* Supplied material:
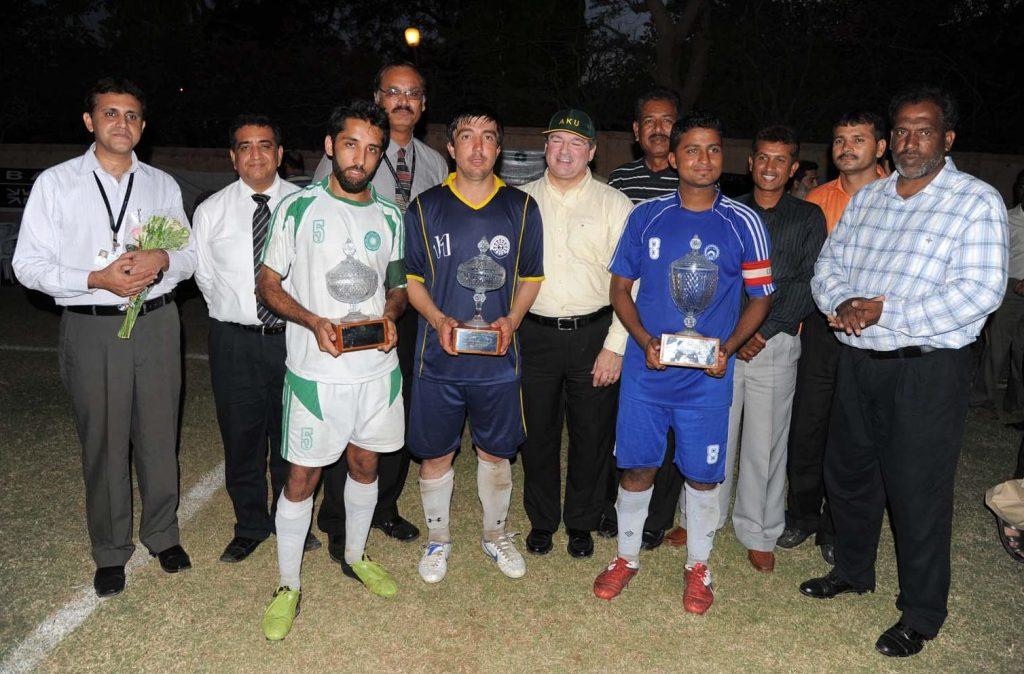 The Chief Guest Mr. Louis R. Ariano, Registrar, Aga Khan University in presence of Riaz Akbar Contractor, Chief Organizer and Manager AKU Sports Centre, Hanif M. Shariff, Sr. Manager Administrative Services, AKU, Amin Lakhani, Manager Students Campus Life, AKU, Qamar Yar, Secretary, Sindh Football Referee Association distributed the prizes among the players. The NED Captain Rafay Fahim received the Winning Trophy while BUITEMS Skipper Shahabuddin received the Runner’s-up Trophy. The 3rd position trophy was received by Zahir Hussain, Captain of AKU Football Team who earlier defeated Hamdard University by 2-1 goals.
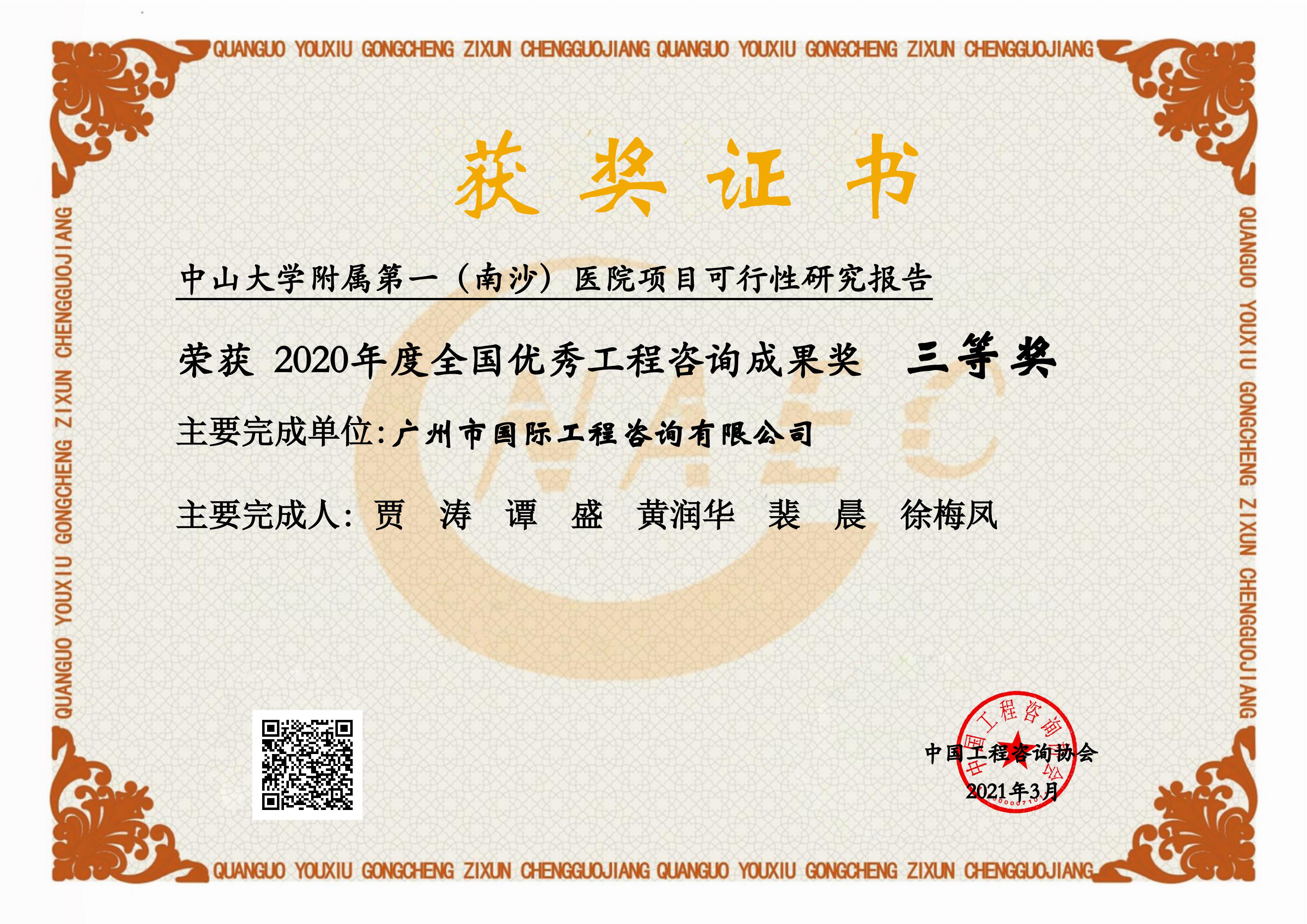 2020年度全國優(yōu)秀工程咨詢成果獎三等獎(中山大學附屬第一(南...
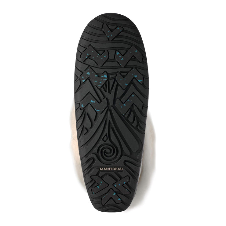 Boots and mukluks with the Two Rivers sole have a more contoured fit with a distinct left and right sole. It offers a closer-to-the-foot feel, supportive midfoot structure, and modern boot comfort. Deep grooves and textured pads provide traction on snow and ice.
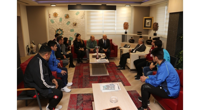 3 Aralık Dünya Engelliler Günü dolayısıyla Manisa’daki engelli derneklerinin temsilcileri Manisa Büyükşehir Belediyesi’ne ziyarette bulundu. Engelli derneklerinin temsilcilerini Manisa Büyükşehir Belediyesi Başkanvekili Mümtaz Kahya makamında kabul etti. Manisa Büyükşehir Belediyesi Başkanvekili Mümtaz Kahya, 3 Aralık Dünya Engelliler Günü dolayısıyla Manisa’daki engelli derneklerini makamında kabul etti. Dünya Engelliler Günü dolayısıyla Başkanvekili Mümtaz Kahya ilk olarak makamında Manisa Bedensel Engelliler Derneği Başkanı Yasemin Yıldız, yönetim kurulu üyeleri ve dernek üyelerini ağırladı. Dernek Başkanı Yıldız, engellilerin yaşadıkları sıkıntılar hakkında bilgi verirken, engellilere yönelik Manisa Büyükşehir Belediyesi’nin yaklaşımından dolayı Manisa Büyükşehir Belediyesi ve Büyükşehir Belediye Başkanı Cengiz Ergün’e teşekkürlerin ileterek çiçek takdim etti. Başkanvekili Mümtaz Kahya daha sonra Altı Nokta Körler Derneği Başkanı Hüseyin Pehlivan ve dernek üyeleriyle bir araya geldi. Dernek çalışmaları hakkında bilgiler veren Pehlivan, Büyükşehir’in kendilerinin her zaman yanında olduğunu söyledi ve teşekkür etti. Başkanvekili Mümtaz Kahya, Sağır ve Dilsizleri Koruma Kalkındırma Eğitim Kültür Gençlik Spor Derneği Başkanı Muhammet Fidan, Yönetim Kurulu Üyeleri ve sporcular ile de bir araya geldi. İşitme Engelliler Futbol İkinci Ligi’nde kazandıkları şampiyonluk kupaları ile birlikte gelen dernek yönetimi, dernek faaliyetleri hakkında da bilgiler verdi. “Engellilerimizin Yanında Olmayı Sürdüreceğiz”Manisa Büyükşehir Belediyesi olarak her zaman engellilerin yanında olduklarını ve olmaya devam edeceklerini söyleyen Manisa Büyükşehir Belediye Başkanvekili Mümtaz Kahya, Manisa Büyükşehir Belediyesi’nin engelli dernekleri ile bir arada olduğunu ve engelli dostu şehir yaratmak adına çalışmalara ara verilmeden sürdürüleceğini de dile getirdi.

* The problem: Output the whole listing without change. Any picture is to be left out.

* Response area:
 The Chief Guest Mr. Louis R. Ariano, Registrar, Aga Khan University in presence of Riaz Akbar Contractor, Chief Organizer and Manager AKU Sports Centre, Hanif M. Shariff, Sr. Manager Administrative Services, AKU, Amin Lakhani, Manager Students Campus Life, AKU, Qamar Yar, Secretary, Sindh Football Referee Association distributed the prizes among the players. The NED Captain Rafay Fahim received the Winning Trophy while BUITEMS Skipper Shahabuddin received the Runner’s-up Trophy. The 3rd position trophy was received by Zahir Hussain, Captain of AKU Football Team who earlier defeated Hamdard University by 2-1 goals.
 2020年度全國優(yōu)秀工程咨詢成果獎三等獎(中山大學附屬第一(南...
 Boots and mukluks with the Two Rivers sole have a more contoured fit with a distinct left and right sole. It offers a closer-to-the-foot feel, supportive midfoot structure, and modern boot comfort. Deep grooves and textured pads provide traction on snow and ice.
 3 Aralık Dünya Engelliler Günü dolayısıyla Manisa’daki engelli derneklerinin temsilcileri Manisa Büyükşehir Belediyesi’ne ziyarette bulundu. Engelli derneklerinin temsilcilerini Manisa Büyükşehir Belediyesi Başkanvekili Mümtaz Kahya makamında kabul etti. Manisa Büyükşehir Belediyesi Başkanvekili Mümtaz Kahya, 3 Aralık Dünya Engelliler Günü dolayısıyla Manisa’daki engelli derneklerini makamında kabul etti. Dünya Engelliler Günü dolayısıyla Başkanvekili Mümtaz Kahya ilk olarak makamında Manisa Bedensel Engelliler Derneği Başkanı Yasemin Yıldız, yönetim kurulu üyeleri ve dernek üyelerini ağırladı. Dernek Başkanı Yıldız, engellilerin yaşadıkları sıkıntılar hakkında bilgi verirken, engellilere yönelik Manisa Büyükşehir Belediyesi’nin yaklaşımından dolayı Manisa Büyükşehir Belediyesi ve Büyükşehir Belediye Başkanı Cengiz Ergün’e teşekkürlerin ileterek çiçek takdim etti. Başkanvekili Mümtaz Kahya daha sonra Altı Nokta Körler Derneği Başkanı Hüseyin Pehlivan ve dernek üyeleriyle bir araya geldi. Dernek çalışmaları hakkında bilgiler veren Pehlivan, Büyükşehir’in kendilerinin her zaman yanında olduğunu söyledi ve teşekkür etti. Başkanvekili Mümtaz Kahya, Sağır ve Dilsizleri Koruma Kalkındırma Eğitim Kültür Gençlik Spor Derneği Başkanı Muhammet Fidan, Yönetim Kurulu Üyeleri ve sporcular ile de bir araya geldi. İşitme Engelliler Futbol İkinci Ligi’nde kazandıkları şampiyonluk kupaları ile birlikte gelen dernek yönetimi, dernek faaliyetleri hakkında da bilgiler verdi. “Engellilerimizin Yanında Olmayı Sürdüreceğiz”Manisa Büyükşehir Belediyesi olarak her zaman engellilerin yanında olduklarını ve olmaya devam edeceklerini söyleyen Manisa Büyükşehir Belediye Başkanvekili Mümtaz Kahya, Manisa Büyükşehir Belediyesi’nin engelli dernekleri ile bir arada olduğunu ve engelli dostu şehir yaratmak adına çalışmalara ara verilmeden sürdürüleceğini de dile getirdi.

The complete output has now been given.